Given information:
┏━━

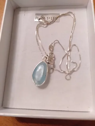 Elegante conjunto de colgante con piedra larimar y cadena. - Colgante con forma ovalada. - Piedra larimar de tonos azules y blancos. - Cadena de plata con eslabones tipo caja. Hace 44 cm
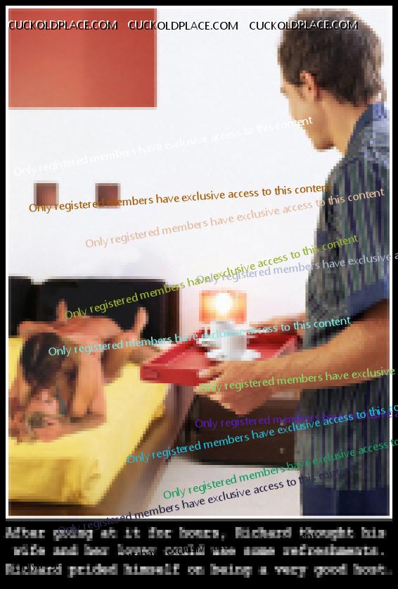 Several years ago, my wife mentioned that she’d love to have a 3some with a male friend of mine named Ron. Of course, I made the arrangements to make it happen. The night finally arrives. We all go out to dinner, have a few takes and then get a room at a nearby hotel. Up in the room, my wife and my buddy are kissing and fooling around and things are heating up nicely. About then my wife decides she wants another take. I had brought a bottle of Bacardi… but no mixers. So first, I grab the ice bucket and go down the hall to get some ice. When I get back with the bucket of ice, they’re both sitting on the couch kissing. My wife has her shirt unbuttoned and Ron is playing with her tits. Reluctantly, I left the room and went down to the lobby to get some Cokes. When I get there I find that the smallest bill I have is a $10… so I have to go to the front desk to get change. I end up waiting in line behind some people checking in. I finally get some change, buy a couple of Cokes from the machine and head up to the room. When I get in the room, I see that my wife and my buddy have moved to the bed. My wife is completely naked and Ron has his face buried between her legs. I’m standing there watching for a few seconds and my wife looks up just long enough to tell me that she wants a Diet Coke and she sends me back down to the lobby! By the time I go back down to the lobby, buy a Diet Coke and mix a round of takes for everyone… they’re fucking their brains out. By then I was starting to get the hint, so I just sat back with a take in one hand and my dick in the other watching the two of them go at it. Later on I did get involved in the action… but for awhile there, I was pretty much just a cocktail waitress. And that’s kind of the story behind this caption.
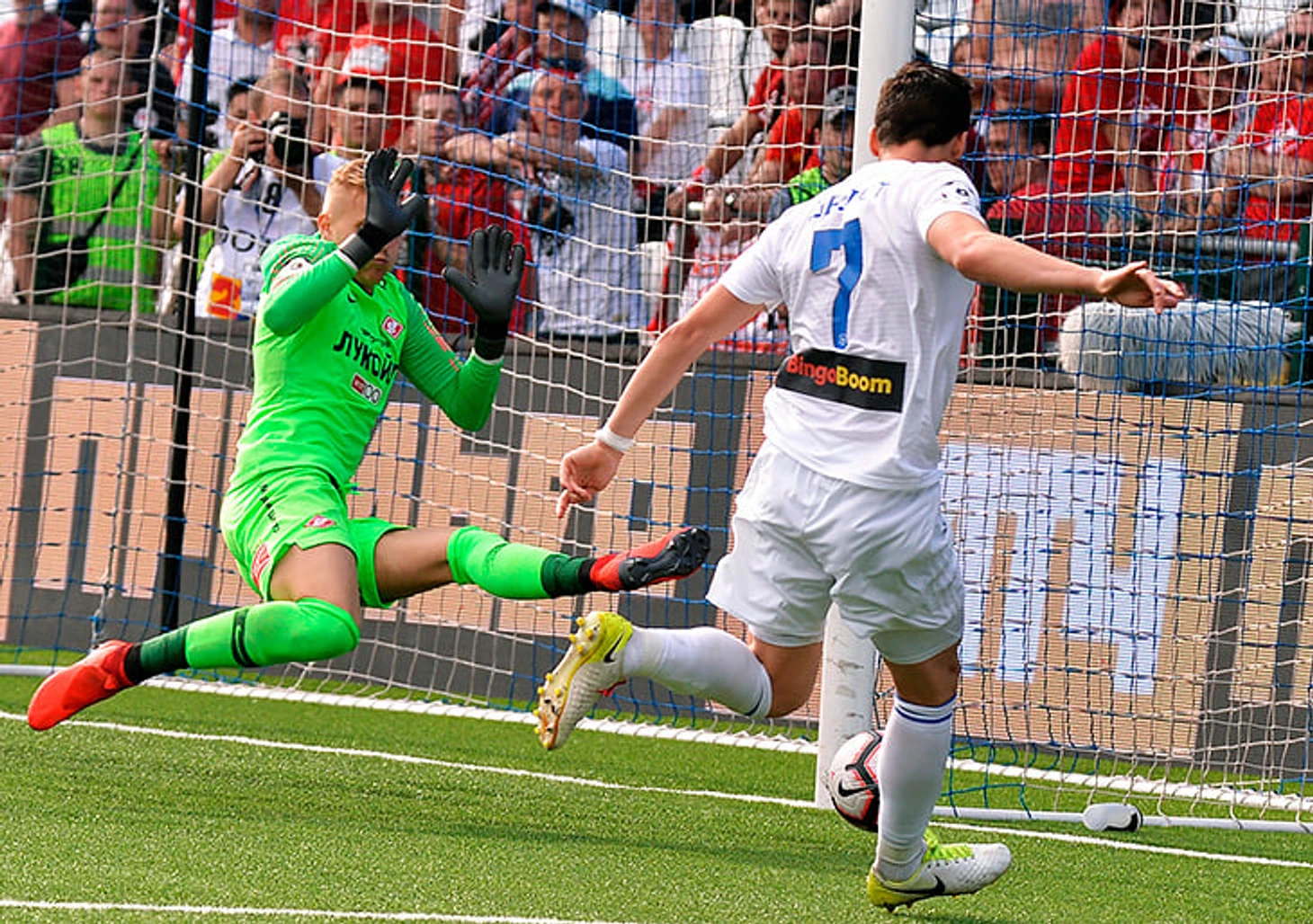 56 минута. Деспотович бьет из-под двух защитников с линии вратарской, Максименко занимает правильную позицию.
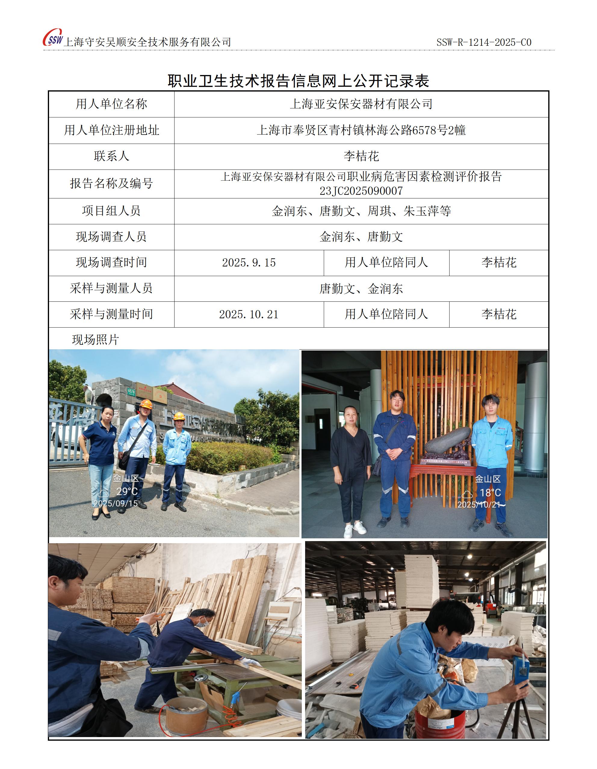 上海亚安保安器材有限公司职业病危害因素定期检测
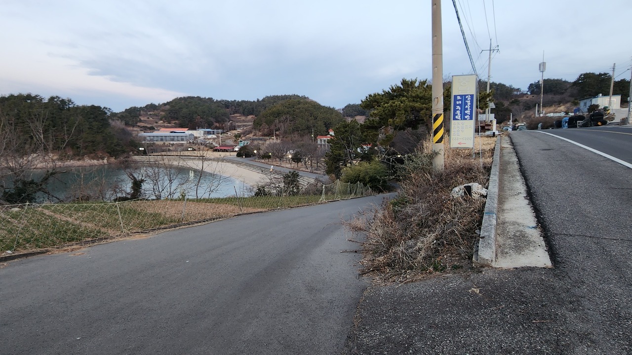 오전 11시 42분 방파제 앞 삼거리 횡단보도 직진 후 시멘트 포장된 방파제를 건너세요.
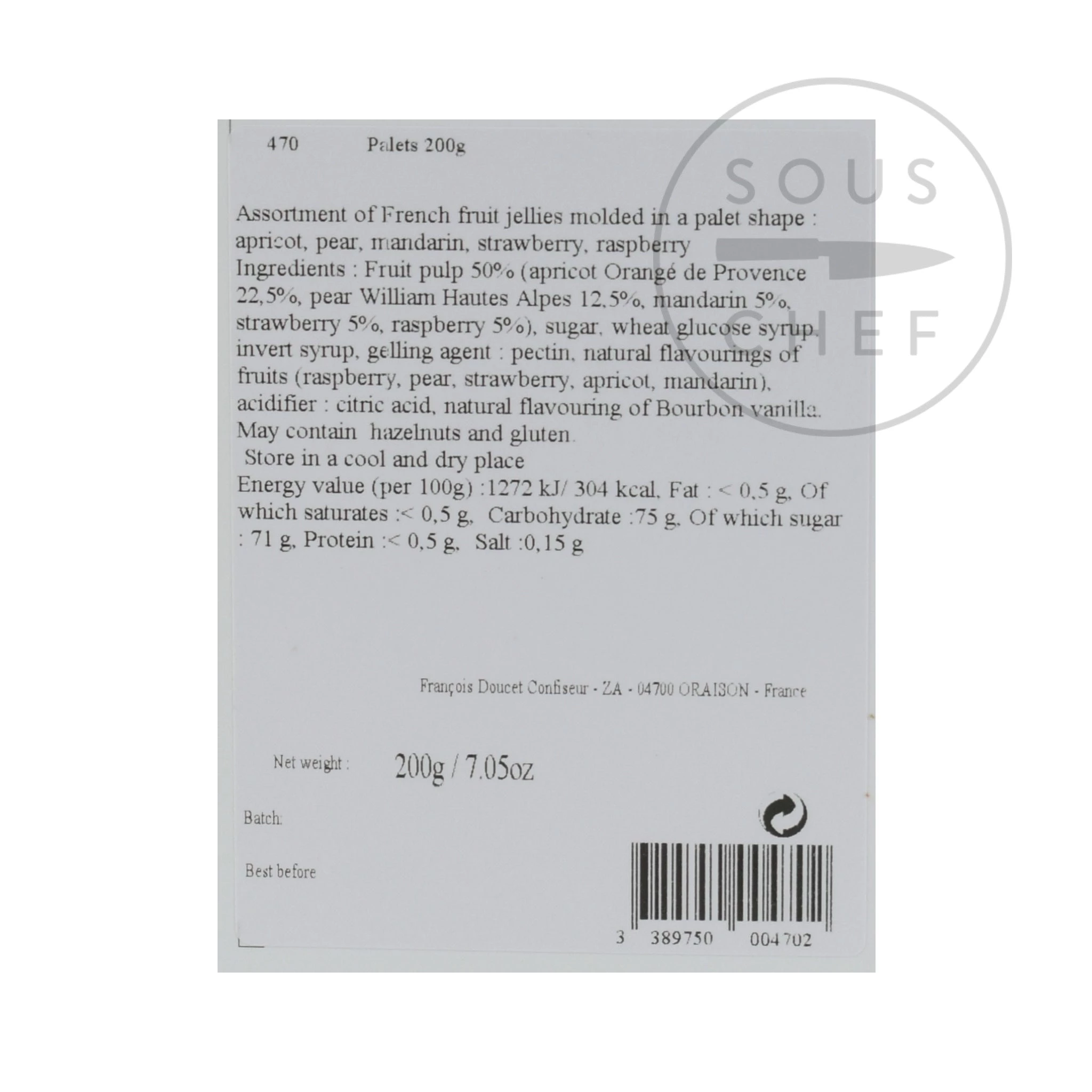 Fragrante, dolce e intensamente fruttato Le gelatine di frutta Francois Doucet sono la cosa perfetta da gustare alla fine di un pasto, o come un piccolo trattamento di metà mattina con una tazza di tè. Le gelatine sono fatte con albicocche e pere tIl cappello è coltivato in Provenza, così come i lamponi, le fragole e i mandarini. Le gelatine hanno una spolverata di zucchero e sono un trattamento molto adulto.Fanno un grande regalo, o si godono da soli! There are two size disponibili:
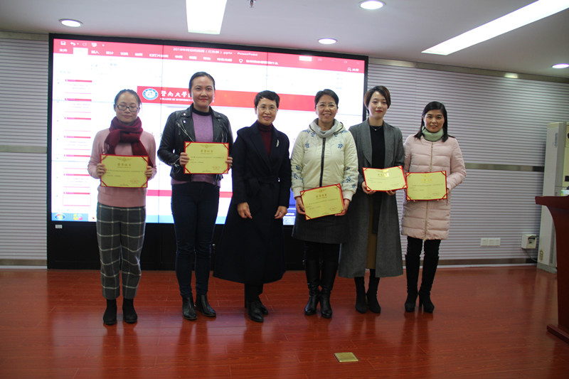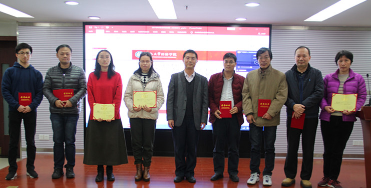 刘金山副院长宣读获得2018年科研奖励人员名单,并简要传达了2019年申报国家项目的通知要求。 蒋海副院长宣读获得2018年本科教学奖励人员名单,并为获奖老师颁奖。 王玉娟副书记宣读获得2016年优秀管理服务人员名单。5位行政人员获奖。
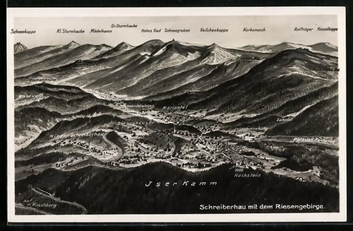 AK Schreiberhau, Ortsansicht mit dem Riesengebirge
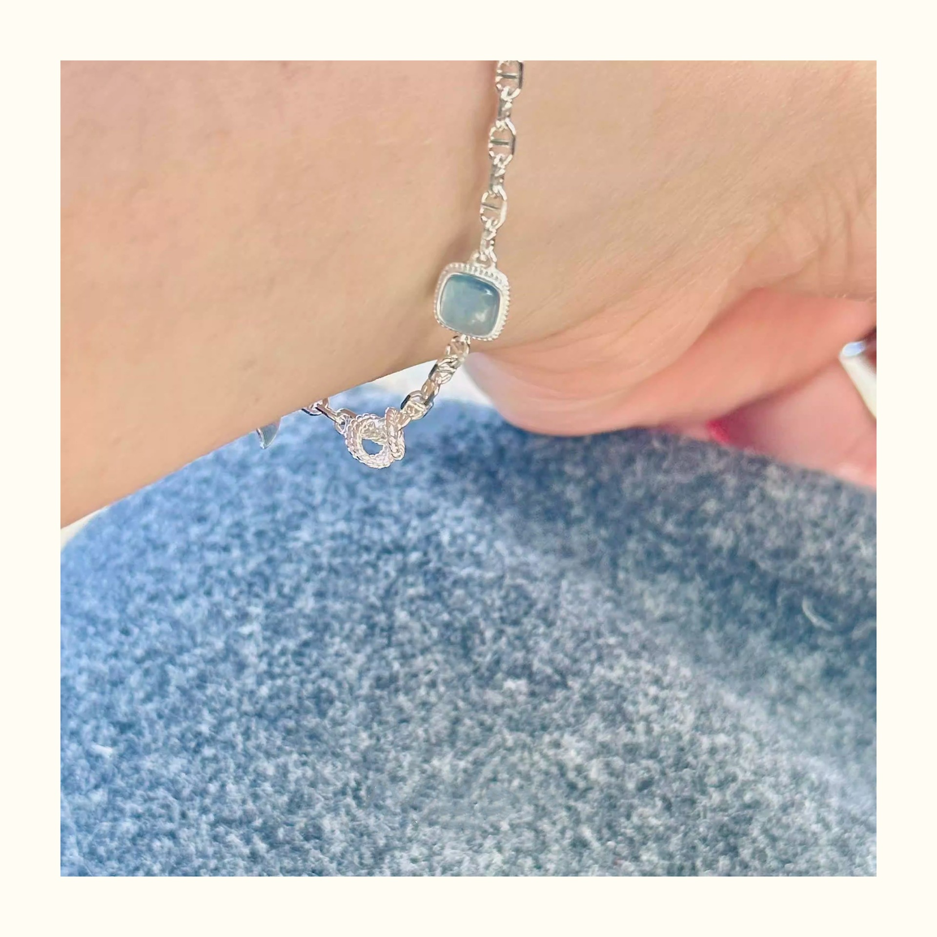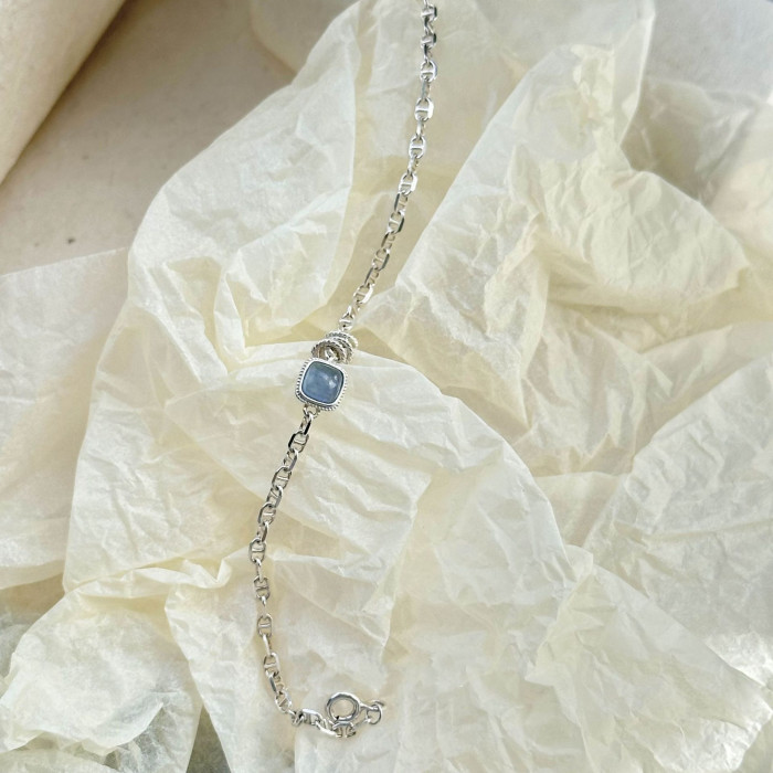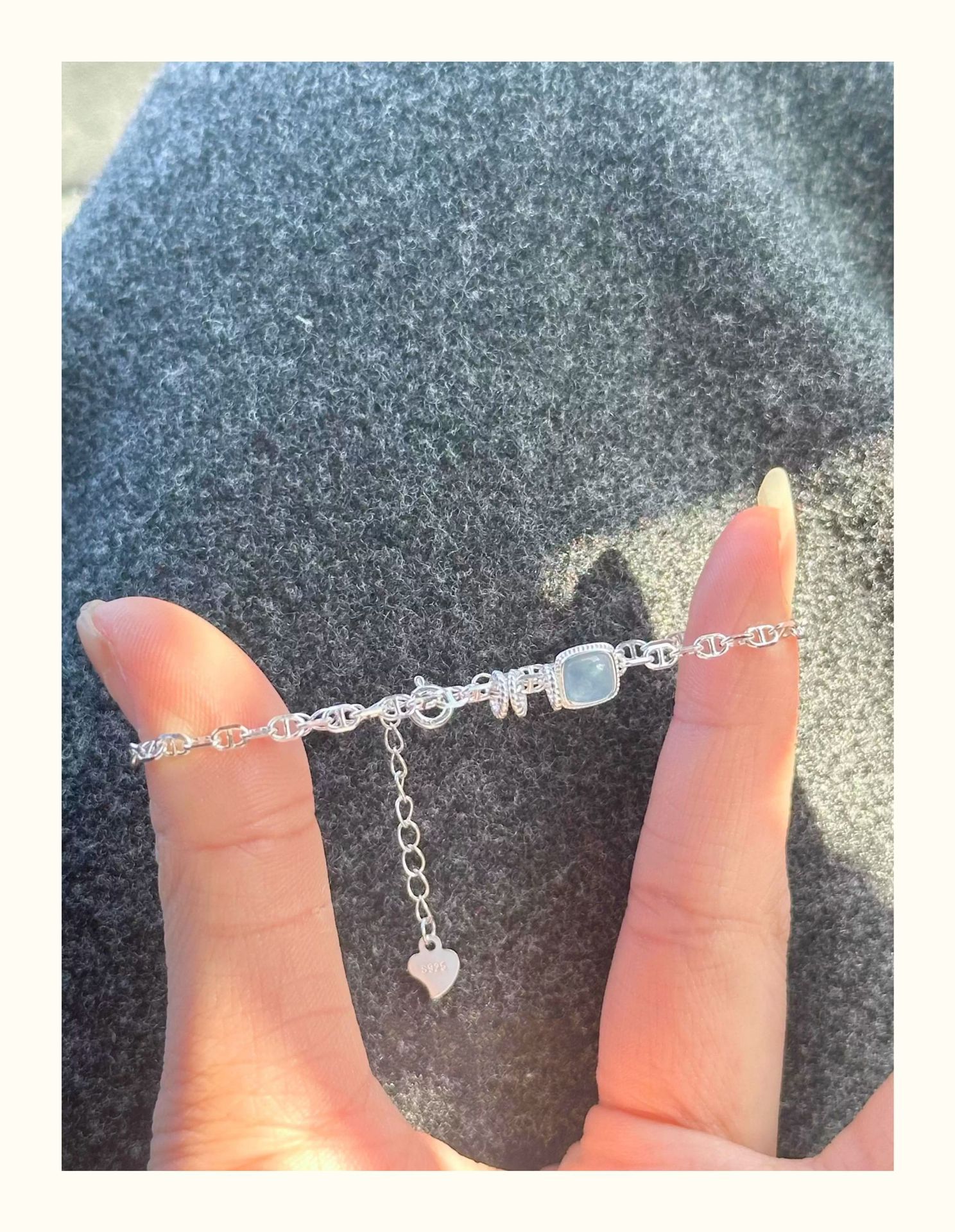 S925純銀絕美肥方海藍寶手鏈輕奢精緻時尚手飾高級感小衆顯瘦設計

┗━━

What is required:
Return the listing verbatim, pictures excluded.

Written answer:
 Elegante conjunto de colgante con piedra larimar y cadena. - Colgante con forma ovalada. - Piedra larimar de tonos azules y blancos. - Cadena de plata con eslabones tipo caja. Hace 44 cm
 Several years ago, my wife mentioned that she’d love to have a 3some with a male friend of mine named Ron. Of course, I made the arrangements to make it happen. The night finally arrives. We all go out to dinner, have a few takes and then get a room at a nearby hotel. Up in the room, my wife and my buddy are kissing and fooling around and things are heating up nicely. About then my wife decides she wants another take. I had brought a bottle of Bacardi… but no mixers. So first, I grab the ice bucket and go down the hall to get some ice. When I get back with the bucket of ice, they’re both sitting on the couch kissing. My wife has her shirt unbuttoned and Ron is playing with her tits. Reluctantly, I left the room and went down to the lobby to get some Cokes. When I get there I find that the smallest bill I have is a $10… so I have to go to the front desk to get change. I end up waiting in line behind some people checking in. I finally get some change, buy a couple of Cokes from the machine and head up to the room. When I get in the room, I see that my wife and my buddy have moved to the bed. My wife is completely naked and Ron has his face buried between her legs. I’m standing there watching for a few seconds and my wife looks up just long enough to tell me that she wants a Diet Coke and she sends me back down to the lobby! By the time I go back down to the lobby, buy a Diet Coke and mix a round of takes for everyone… they’re fucking their brains out. By then I was starting to get the hint, so I just sat back with a take in one hand and my dick in the other watching the two of them go at it. Later on I did get involved in the action… but for awhile there, I was pretty much just a cocktail waitress. And that’s kind of the story behind this caption.
 56 минута. Деспотович бьет из-под двух защитников с линии вратарской, Максименко занимает правильную позицию.
 上海亚安保安器材有限公司职业病危害因素定期检测
 오전 11시 42분 방파제 앞 삼거리 횡단보도 직진 후 시멘트 포장된 방파제를 건너세요.
 Fragrante, dolce e intensamente fruttato Le gelatine di frutta Francois Doucet sono la cosa perfetta da gustare alla fine di un pasto, o come un piccolo trattamento di metà mattina con una tazza di tè. Le gelatine sono fatte con albicocche e pere tIl cappello è coltivato in Provenza, così come i lamponi, le fragole e i mandarini. Le gelatine hanno una spolverata di zucchero e sono un trattamento molto adulto.Fanno un grande regalo, o si godono da soli! There are two size disponibili:
 刘金山副院长宣读获得2018年科研奖励人员名单,并简要传达了2019年申报国家项目的通知要求。 蒋海副院长宣读获得2018年本科教学奖励人员名单,并为获奖老师颁奖。 王玉娟副书记宣读获得2016年优秀管理服务人员名单。5位行政人员获奖。
 AK Schreiberhau, Ortsansicht mit dem Riesengebirge
 S925純銀絕美肥方海藍寶手鏈輕奢精緻時尚手飾高級感小衆顯瘦設計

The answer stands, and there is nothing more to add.